Nitric oxide (*NO) is a short-lived free radical with many functions including vasoregulation, synaptic plasticity, and immune modulation and has recently been associated with AIDS pathology. Various pathophysiological conditions, such as viral infection, trigger inducible nitric oxide synthase (iNOS) to synthesize NO in the cell. NO-derived species can react with thiols of proteins and form nitrosothiol adducts. HIV-1 protease (HIV-PR) contains two cysteine residues, Cys67 and Cys95, which are believed to serve a regulatory function. We have found that HIV-PR is inactivated by nitric oxide produced in vitro by NO donors and by iNOS. Sodium nitroprusside inhibited HIV-PR by 70%, and S-nitroso-N-acetylpenicillamine completely inhibited the enzyme.

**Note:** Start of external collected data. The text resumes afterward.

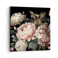 Poster - Eleganti peonie e una farfalla su sfondo nero - 50x70cm - In stile barocco - Decorazione murale moderna per soggiorno e camera da letto ARTTOR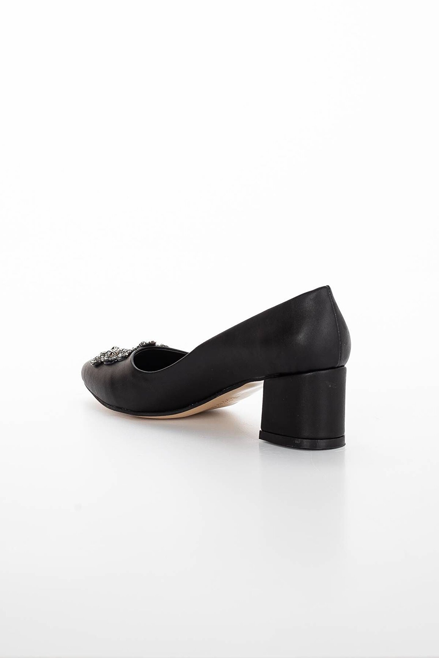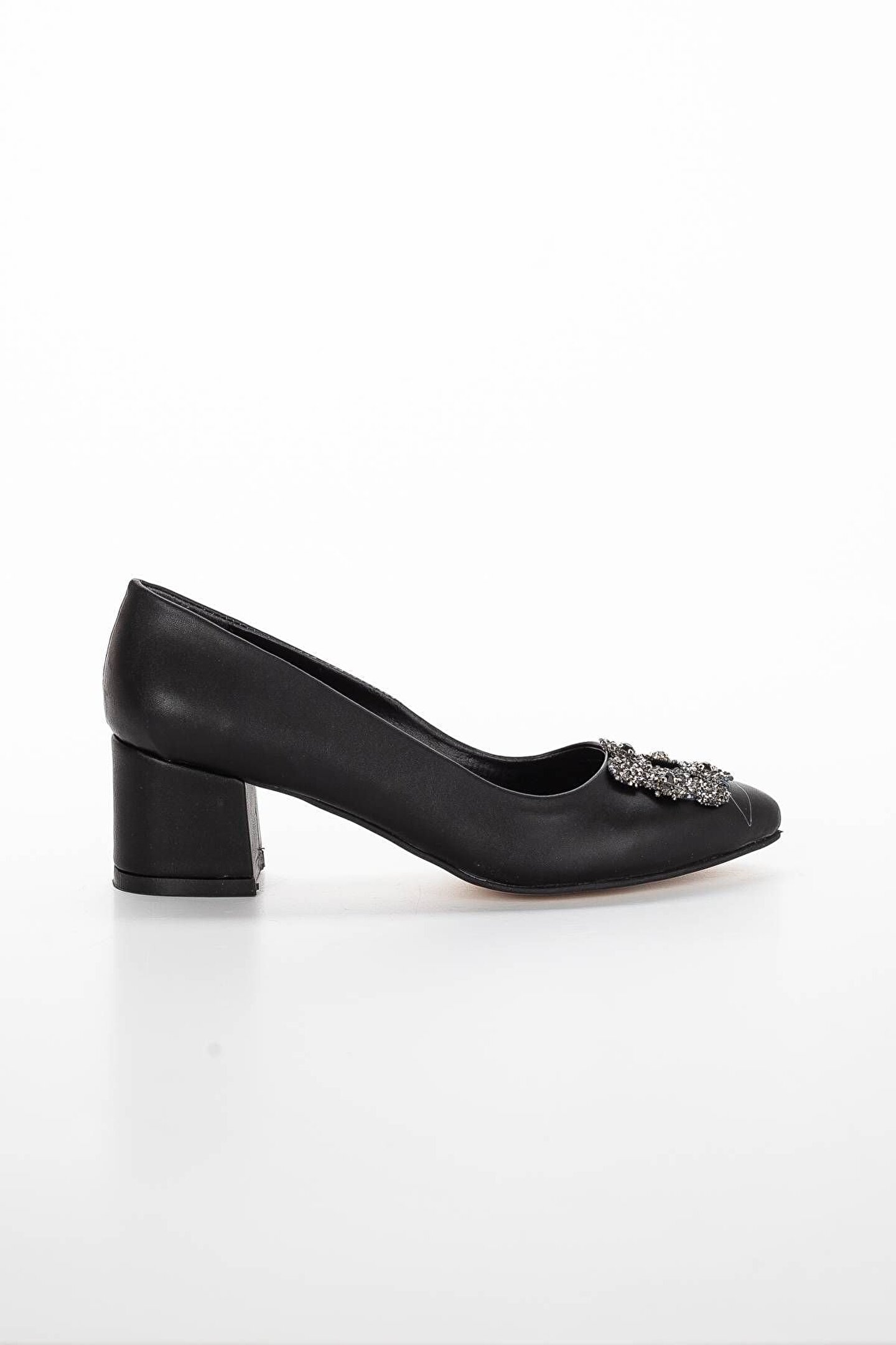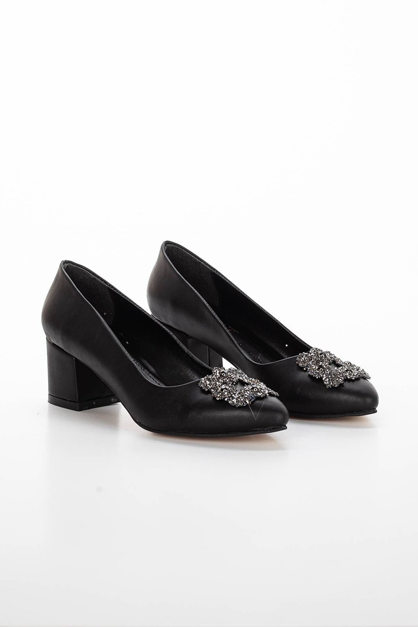 GULT Kadın Klasik Kalın Ökçeli Mat Siyah Taşlı 5 cm Stiletto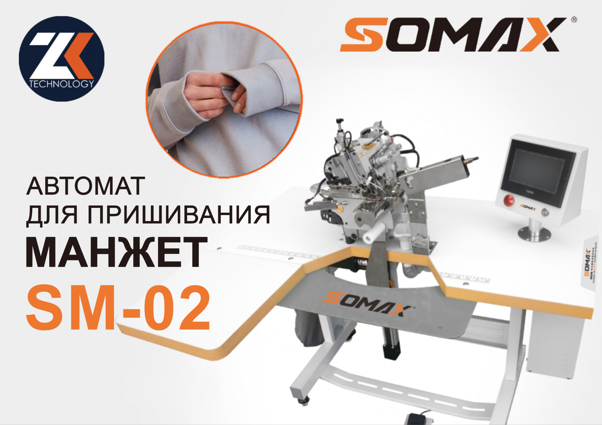 Полностью автоматическая программируемая швейная машина оверлок для пришивания манжет рукава и штанин при производстве трикотажным спортивных костюмов, толстовок, свитшотов, брюк и тд.

Furthermore, iNOS generated sufficient NO to inhibit HIV-PR activity by almost 90%. This inactivation was reversed by the addition of reducing agents. Treatment of HIV-PR with NO donors and ritonavir (a competitive peptide inhibitor) indicates that NO exerts its effect through a site independent of the active site of HIV-PR. Using electrospray ionization mass spectrometry, we found that NO forms S-nitrosothiols on Cys67 and Cys95 of HIV-PR which directly correlate with a loss of activity. These data indicate that NO may suppress HIV-1 replication by directly inhibiting HIV-PR.